Non-public-health degrees (also called “all remaining degrees”) are housed in some schools of public health. If this is true in your school, these degrees will be addressed in two places in your self-study: the introduction and Criterion D19. You must include all degrees and concentrations housed in your school of public health in Template Intro-1 (the instructional matrix).
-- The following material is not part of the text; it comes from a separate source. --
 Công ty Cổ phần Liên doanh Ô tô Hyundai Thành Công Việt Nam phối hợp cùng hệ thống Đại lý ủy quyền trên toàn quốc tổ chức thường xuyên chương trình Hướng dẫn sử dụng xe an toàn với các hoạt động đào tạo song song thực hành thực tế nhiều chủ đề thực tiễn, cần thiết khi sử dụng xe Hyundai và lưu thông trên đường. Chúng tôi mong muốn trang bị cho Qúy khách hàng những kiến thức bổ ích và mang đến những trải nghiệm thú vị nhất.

Degrees and concentrations that are not considered public health degrees will NOT include an X in the “categorized as public health” column of Template Intro-1.
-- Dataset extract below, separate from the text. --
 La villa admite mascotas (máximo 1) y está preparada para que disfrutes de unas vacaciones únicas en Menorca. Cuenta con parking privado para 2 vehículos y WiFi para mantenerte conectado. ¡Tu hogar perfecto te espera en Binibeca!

The school’s offerings that are NOT categorized as public health in Template Intro-1 (at the bachelor’s, master’s and/or doctoral levels) must be included in Criterion D19 and in Template D19-1. These students must complete coursework that addresses the 12 learning objectives listed in Criterion D19. The instruction and assessment of students’ broad introduction to public health are equivalent in depth to what would typically be associated with a three-semester-credit class.
The 2016 criteria document groups all non-public-health degrees as “All Remaining Degrees” in Criterion D19. The expectation is the same (ie, that students complete coursework that provides a broad introduction to public health). This introduction to public health should address the 12 learning objectives listed in Criterion D19 at a level of complexity that is appropriate to the level of the student’s degree program. For example, it may be appropriate to offer different courses for bachelor’s and graduate students.
By definition, faculty only associated with non-public-health degrees do not meet the definition of a primary instructional faculty member (even if they have a 1.0 FTE appointment in your school of public health). Template C2-1 should only include the school’s public health degrees and concentrations.
Yes. By definition, CEPH accredits every degree offered in a school of public health and must validate that the public health elements required of all degrees are met.